Identify and evaluate relevant data sources
When formulating the research question, it is advisable to begin the inventory of available data sources in order to find out what data is available and relevant to the research project. A well-defined question facilitates the subsequent work of identifying and evaluating relevant data sources.
Most data holders have information on their websites regarding their data holdings and how it can be requested, including any requirements or forms that need to be used. Contacting the data holder early in the process is recommended, as they have detailed knowledge of the data source and can provide valuable information for planning.
Assess the availability of the data source
When assessing the availability of a data source, it is important to consider or check whether there are any legal or ethical requirements or restrictions on the data to be used for the research in question. For example:
- If the research requires approved ethical review, for example when processing special categories of personal data or personal data related to criminal convictions and offences.
- If the data is classified as secret and therefore requires a secrecy assessment before it can be disclosed for research purposes.
- If the data is subject to copyright, which means that its use is regulated by licences.
It is also important to find out if there are any practical or technical obstacles that may affect the availability of certain data. For example:
- If the data is spread across different local systems within the same data holder's organisation.

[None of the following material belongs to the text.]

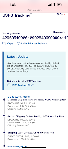 Getting one star only because you can’t give them negative stars. Ordered a package from n Nov 6th. Reached the Bloomingdale, IL (Chicago) facility on Nov 29th. From Nov 29th til December 10th there was no updates. Dec 11th it finally updated that my item was in Hazelwood, Mo (St louis) facility. There it has sat for 4 days without moving or any updates. When contacting customer service (which does not apparently exists) you get a pre authorized response email telling you you will be contacted in less than 48 hours. No contact what-so-ever comes. I’ve tried the contact option 3 times now. Twice by email & once by googling their customer service number which no one answers and when an answering machine does answer it tells you the voice message box is full & can not take any new messages. This company’s a joke!!!!! How pathetic!!! If my package even does show up which it is an handmade item I do not expect it to be in one piece or free of damage which will ruin this beautiful Christmas...

- If the data is only available in formats that are difficult to process.
- If it is not possible to combine the data with other data sources or researcher-generated data.
Has the data holder regulated the disclosure of data?
Legal requirements and data holder procedures may affect the ability to access data. Private entities, for example, are not covered by the principle of public access to information and are therefore not obliged to disclose data. Some data holders have set maximum limits on the working time they can allocate to process disclosure requests, which means that they do not carry out disclosures that exceed that time.
Can the project access the data it needs within the time and budget constraints?
When planning resources, time and costs, consider the following:
- The processing time for data disclosure varies depending on the complexity of the disclosure and the data holder's available resources and processes.
- If data from several data holders is to be linked or collated, the processing time will normally increase.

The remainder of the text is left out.